**Problem to work on**
Set down, word for word, every line of the material below from the one containing "山東高速:華創(chuàng" through the one containing "Crafted from dark", but none of its pictures.

··· Information given ···

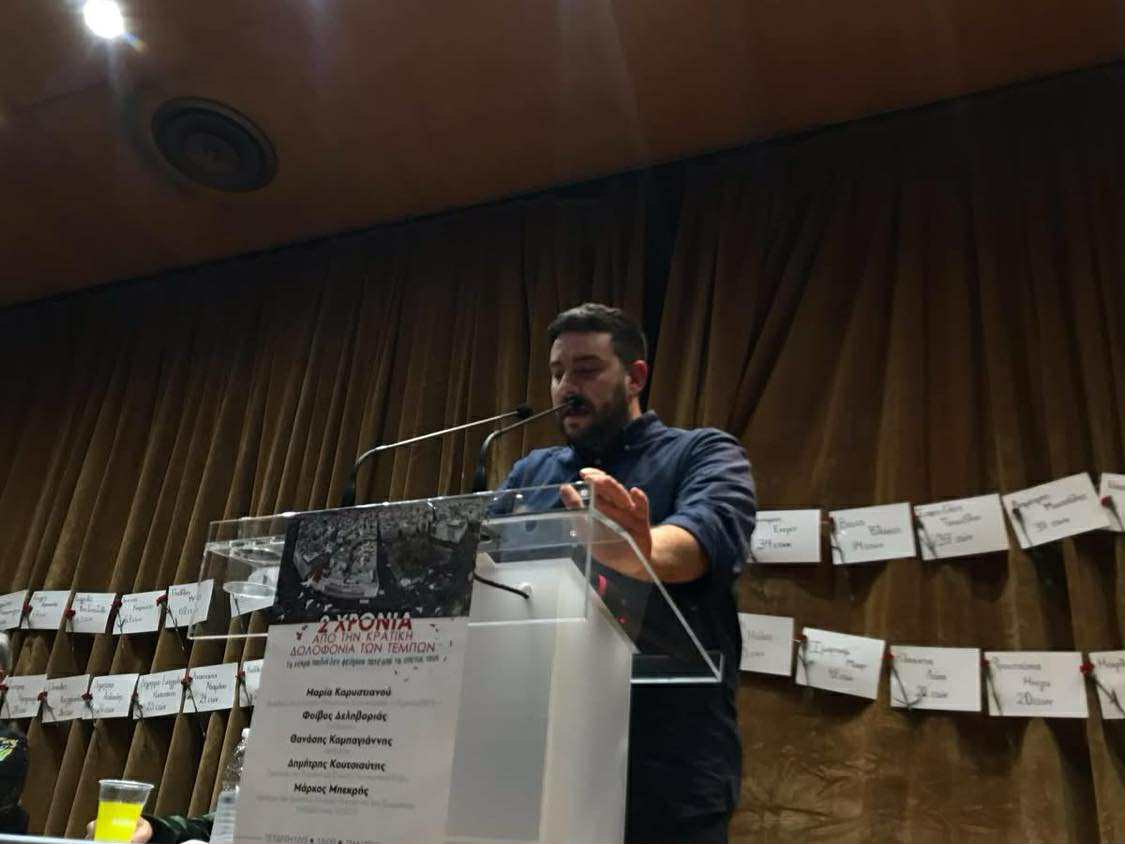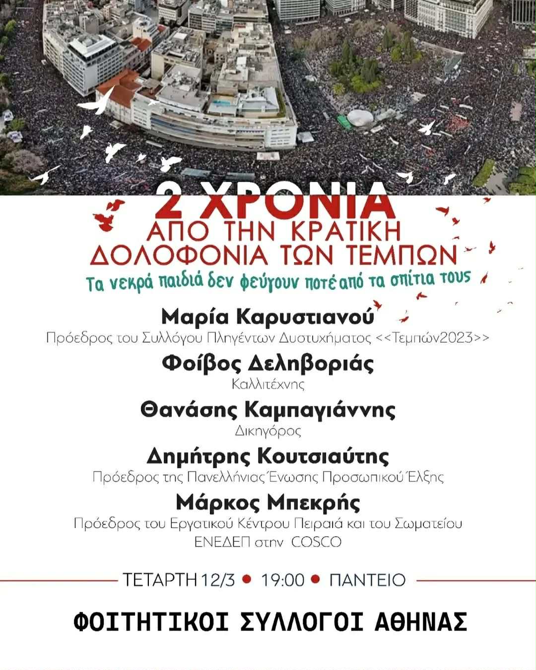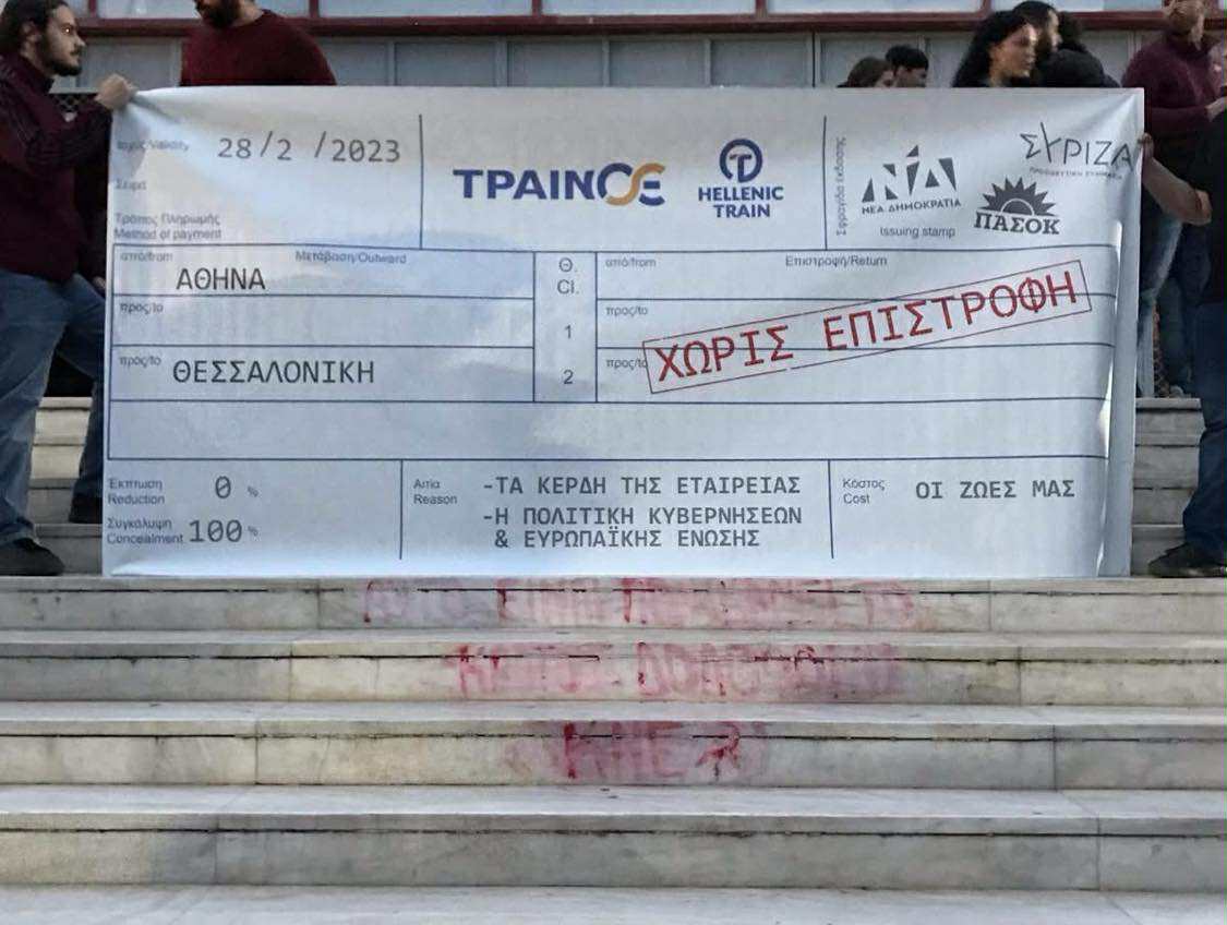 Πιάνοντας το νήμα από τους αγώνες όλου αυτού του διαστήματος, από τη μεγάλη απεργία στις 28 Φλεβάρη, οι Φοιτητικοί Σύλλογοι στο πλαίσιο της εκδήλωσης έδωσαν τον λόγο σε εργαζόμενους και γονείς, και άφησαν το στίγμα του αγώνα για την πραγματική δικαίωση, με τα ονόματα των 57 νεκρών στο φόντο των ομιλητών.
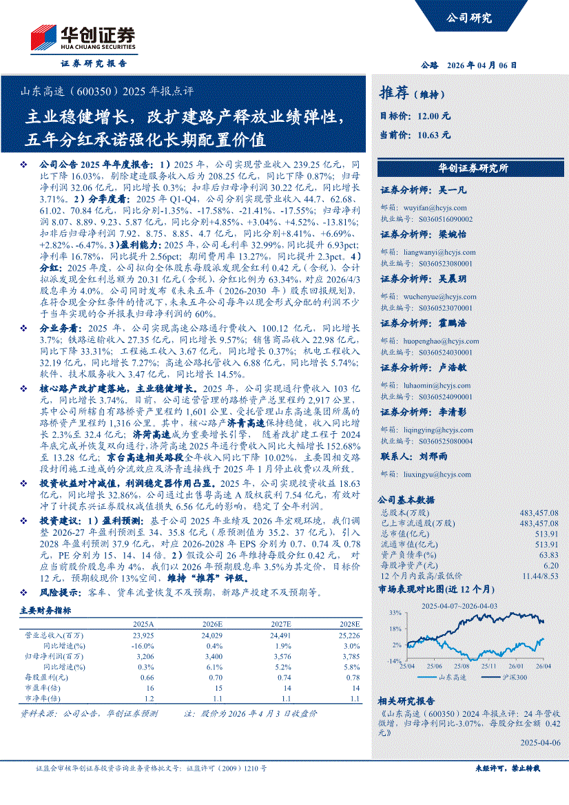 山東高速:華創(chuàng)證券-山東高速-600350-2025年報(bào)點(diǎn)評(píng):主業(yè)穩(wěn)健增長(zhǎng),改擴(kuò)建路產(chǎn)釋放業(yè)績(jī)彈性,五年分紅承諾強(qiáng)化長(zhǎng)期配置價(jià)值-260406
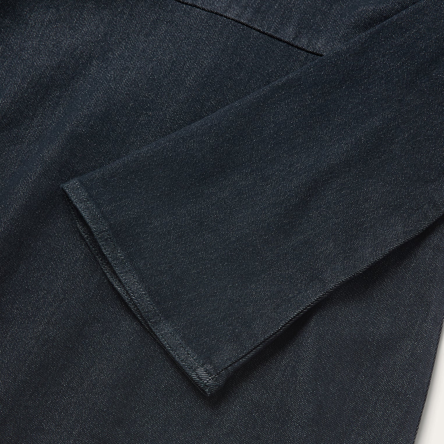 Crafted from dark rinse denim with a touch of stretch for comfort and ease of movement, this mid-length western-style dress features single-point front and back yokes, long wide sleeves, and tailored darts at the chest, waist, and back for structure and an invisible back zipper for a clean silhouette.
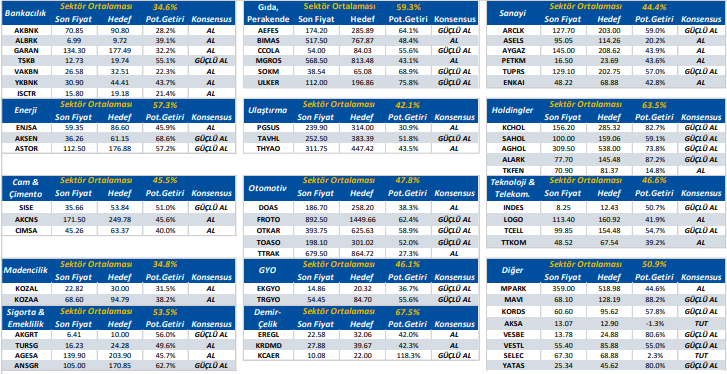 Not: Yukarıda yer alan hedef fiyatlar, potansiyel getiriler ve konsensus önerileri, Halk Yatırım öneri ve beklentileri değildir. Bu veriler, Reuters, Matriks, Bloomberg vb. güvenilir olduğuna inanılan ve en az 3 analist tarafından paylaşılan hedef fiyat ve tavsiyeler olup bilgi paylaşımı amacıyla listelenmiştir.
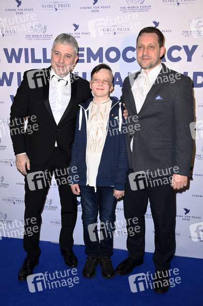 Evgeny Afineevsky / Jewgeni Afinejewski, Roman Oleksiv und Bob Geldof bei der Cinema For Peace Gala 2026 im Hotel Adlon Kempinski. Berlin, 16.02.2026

···
··· Information given ···

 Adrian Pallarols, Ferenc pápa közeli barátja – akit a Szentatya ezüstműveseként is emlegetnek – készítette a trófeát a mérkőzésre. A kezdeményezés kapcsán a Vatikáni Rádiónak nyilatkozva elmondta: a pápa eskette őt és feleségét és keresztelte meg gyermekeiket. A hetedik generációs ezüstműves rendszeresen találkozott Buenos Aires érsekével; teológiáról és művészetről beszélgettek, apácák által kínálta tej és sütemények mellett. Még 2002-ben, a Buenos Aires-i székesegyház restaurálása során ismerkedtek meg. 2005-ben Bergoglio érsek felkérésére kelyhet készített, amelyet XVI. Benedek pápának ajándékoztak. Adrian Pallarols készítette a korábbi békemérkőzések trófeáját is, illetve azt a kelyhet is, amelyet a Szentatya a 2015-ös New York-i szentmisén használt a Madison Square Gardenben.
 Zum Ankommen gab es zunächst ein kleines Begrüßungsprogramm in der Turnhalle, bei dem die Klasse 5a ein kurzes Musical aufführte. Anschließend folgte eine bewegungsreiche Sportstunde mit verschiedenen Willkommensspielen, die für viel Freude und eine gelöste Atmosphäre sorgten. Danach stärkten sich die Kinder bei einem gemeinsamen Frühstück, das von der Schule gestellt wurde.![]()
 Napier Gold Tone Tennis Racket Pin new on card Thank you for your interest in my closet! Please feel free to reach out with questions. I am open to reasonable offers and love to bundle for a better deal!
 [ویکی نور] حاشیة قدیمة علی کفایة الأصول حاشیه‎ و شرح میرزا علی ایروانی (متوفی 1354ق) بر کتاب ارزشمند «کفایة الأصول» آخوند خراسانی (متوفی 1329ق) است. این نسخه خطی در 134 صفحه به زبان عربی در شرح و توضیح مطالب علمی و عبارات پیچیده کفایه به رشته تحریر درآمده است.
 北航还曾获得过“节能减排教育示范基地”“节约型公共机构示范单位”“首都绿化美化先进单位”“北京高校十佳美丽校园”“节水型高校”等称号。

···
··· Information given ···

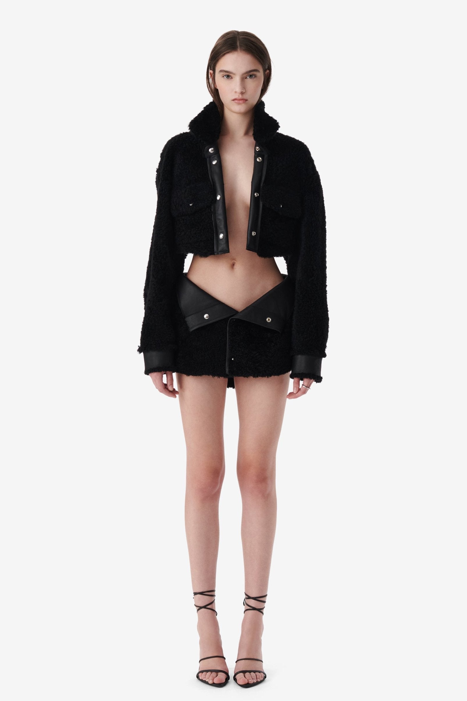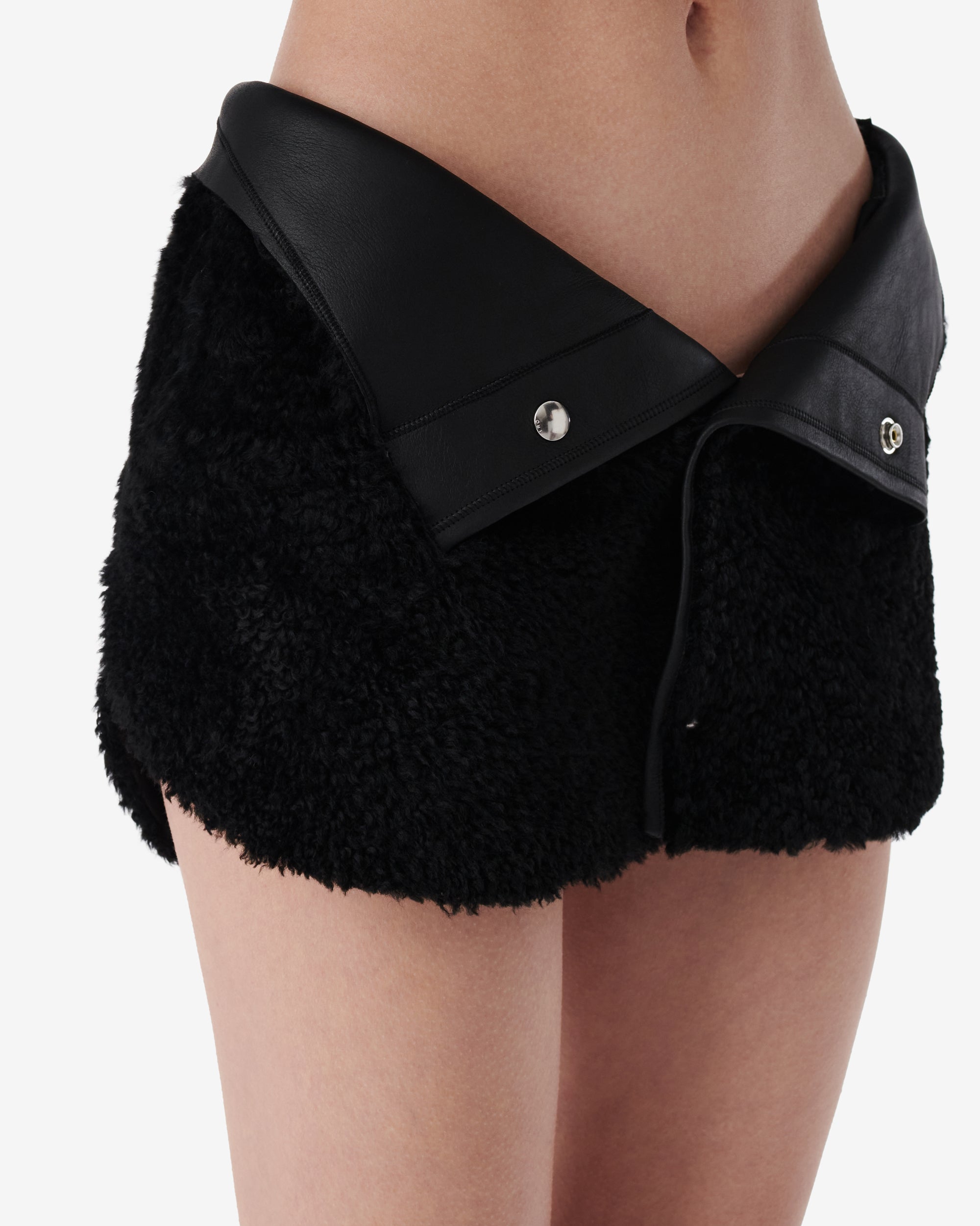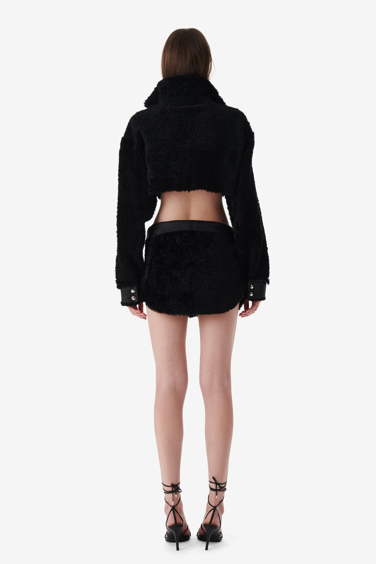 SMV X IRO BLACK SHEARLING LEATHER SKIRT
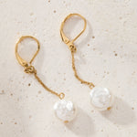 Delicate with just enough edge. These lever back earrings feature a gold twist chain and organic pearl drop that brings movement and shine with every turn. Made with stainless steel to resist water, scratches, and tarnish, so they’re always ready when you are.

···

**Task output**
 山東高速:華創(chuàng)證券-山東高速-600350-2025年報(bào)點(diǎn)評(píng):主業(yè)穩(wěn)健增長(zhǎng),改擴(kuò)建路產(chǎn)釋放業(yè)績(jī)彈性,五年分紅承諾強(qiáng)化長(zhǎng)期配置價(jià)值-260406
 Crafted from dark rinse denim with a touch of stretch for comfort and ease of movement, this mid-length western-style dress features single-point front and back yokes, long wide sleeves, and tailored darts at the chest, waist, and back for structure and an invisible back zipper for a clean silhouette.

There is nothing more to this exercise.